**WORK INSTRUCTIONS**
Go to the line below containing "口窖池,力争实现优质酱香基酒年产 3000 吨的生产目标。" and print exactly from there through the line containing "pemasangan behel metal", both included. Print nothing else.

**DATA EXCERPTS**
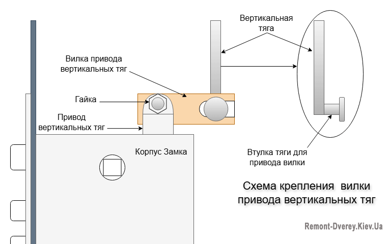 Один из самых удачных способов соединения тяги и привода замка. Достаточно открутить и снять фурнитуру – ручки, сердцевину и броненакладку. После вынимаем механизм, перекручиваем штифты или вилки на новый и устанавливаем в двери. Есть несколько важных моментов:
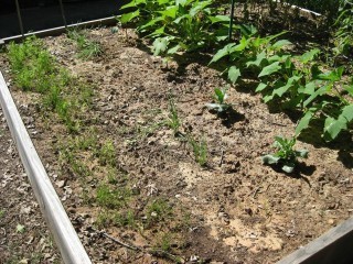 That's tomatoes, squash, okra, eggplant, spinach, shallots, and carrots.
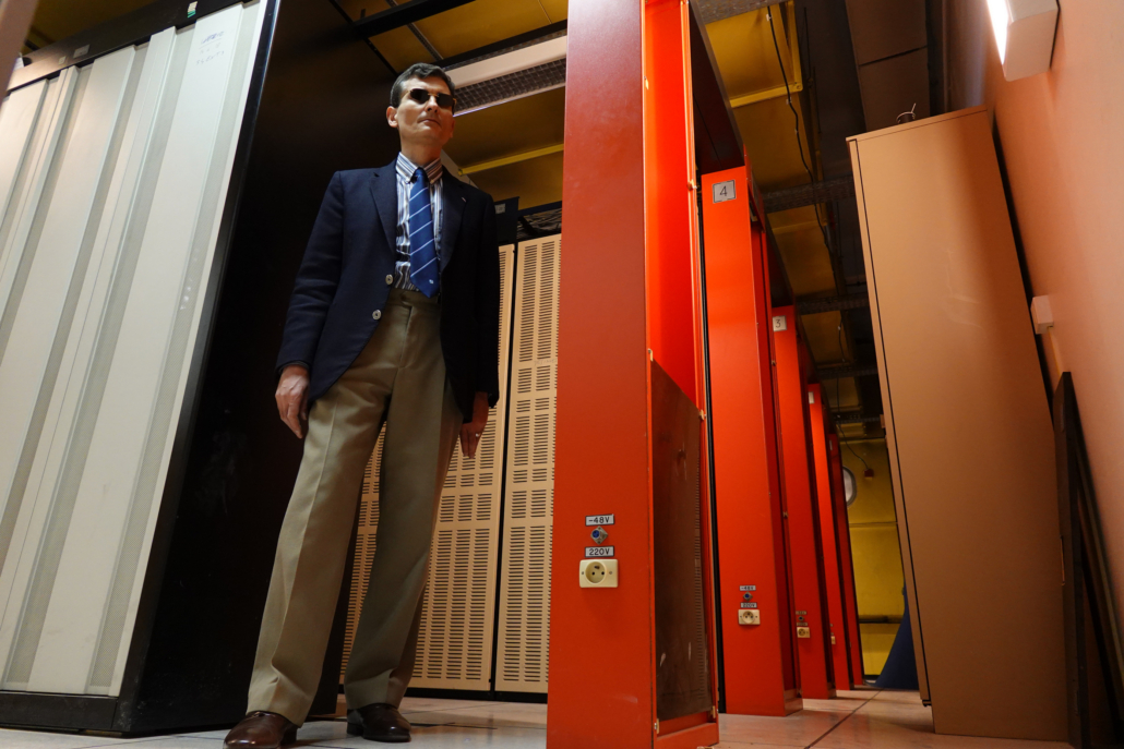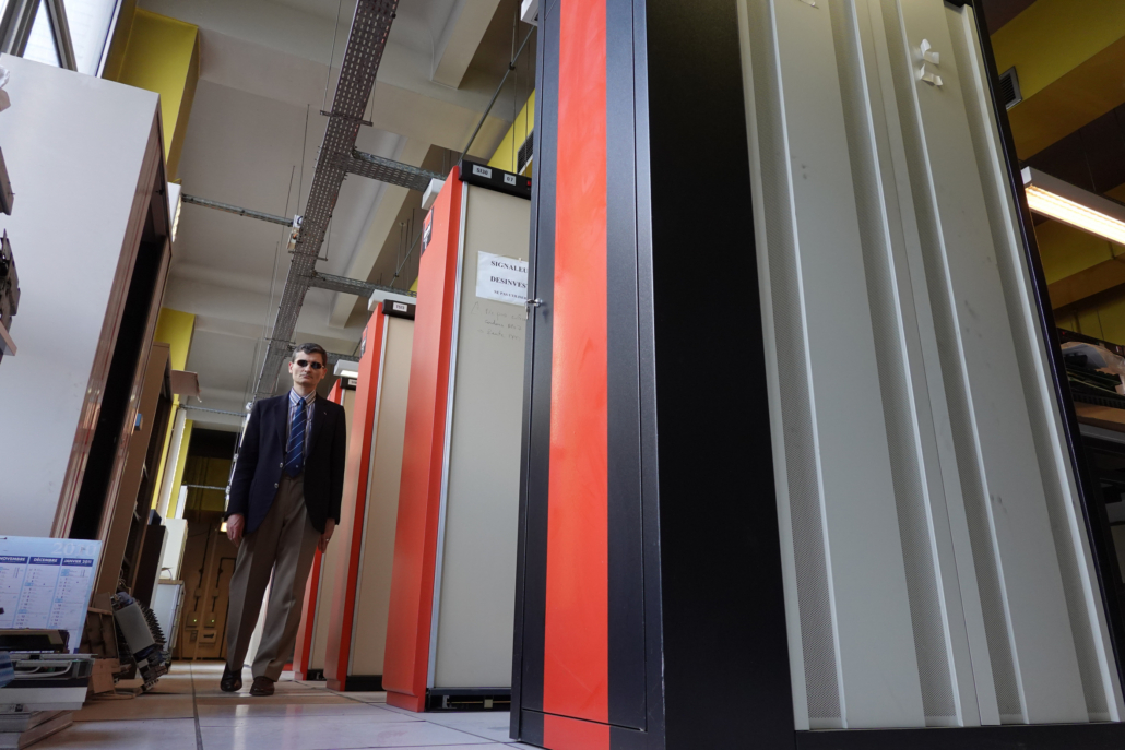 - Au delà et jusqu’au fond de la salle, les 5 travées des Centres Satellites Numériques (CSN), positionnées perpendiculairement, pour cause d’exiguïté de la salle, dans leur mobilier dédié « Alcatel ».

==

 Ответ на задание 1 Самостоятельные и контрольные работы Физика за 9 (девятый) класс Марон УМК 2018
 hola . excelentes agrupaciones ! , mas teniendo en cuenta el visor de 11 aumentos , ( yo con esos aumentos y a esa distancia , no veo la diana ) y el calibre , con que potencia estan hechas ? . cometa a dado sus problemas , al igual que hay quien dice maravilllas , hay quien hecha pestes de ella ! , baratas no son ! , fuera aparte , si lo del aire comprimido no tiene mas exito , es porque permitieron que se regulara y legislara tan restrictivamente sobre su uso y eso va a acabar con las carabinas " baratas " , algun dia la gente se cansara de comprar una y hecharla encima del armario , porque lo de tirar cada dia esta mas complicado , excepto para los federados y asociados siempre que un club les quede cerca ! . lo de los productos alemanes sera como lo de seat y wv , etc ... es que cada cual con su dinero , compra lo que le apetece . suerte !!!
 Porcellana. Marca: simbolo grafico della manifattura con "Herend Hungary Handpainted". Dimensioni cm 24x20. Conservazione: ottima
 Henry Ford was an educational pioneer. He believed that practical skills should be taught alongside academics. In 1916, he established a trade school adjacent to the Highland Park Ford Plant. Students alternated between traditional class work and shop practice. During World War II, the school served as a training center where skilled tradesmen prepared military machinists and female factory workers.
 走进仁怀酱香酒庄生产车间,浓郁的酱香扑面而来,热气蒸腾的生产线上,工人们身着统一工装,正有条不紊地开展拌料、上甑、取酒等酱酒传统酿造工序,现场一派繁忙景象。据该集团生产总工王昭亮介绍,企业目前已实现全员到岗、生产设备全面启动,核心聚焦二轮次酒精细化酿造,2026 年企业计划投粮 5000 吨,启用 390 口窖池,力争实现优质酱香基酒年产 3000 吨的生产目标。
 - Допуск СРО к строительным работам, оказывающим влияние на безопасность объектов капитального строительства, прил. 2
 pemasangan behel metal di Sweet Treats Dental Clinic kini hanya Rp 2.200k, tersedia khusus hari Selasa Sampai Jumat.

--

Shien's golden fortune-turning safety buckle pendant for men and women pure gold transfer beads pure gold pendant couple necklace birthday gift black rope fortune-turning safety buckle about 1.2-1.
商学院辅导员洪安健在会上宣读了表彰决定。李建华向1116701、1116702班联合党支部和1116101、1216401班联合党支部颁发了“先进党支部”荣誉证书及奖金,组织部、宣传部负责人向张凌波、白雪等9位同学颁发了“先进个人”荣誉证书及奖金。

**ANSWER**
 走进仁怀酱香酒庄生产车间,浓郁的酱香扑面而来,热气蒸腾的生产线上,工人们身着统一工装,正有条不紊地开展拌料、上甑、取酒等酱酒传统酿造工序,现场一派繁忙景象。据该集团生产总工王昭亮介绍,企业目前已实现全员到岗、生产设备全面启动,核心聚焦二轮次酒精细化酿造,2026 年企业计划投粮 5000 吨,启用 390 口窖池,力争实现优质酱香基酒年产 3000 吨的生产目标。
 - Допуск СРО к строительным работам, оказывающим влияние на безопасность объектов капитального строительства, прил. 2
 pemasangan behel metal di Sweet Treats Dental Clinic kini hanya Rp 2.200k, tersedia khusus hari Selasa Sampai Jumat.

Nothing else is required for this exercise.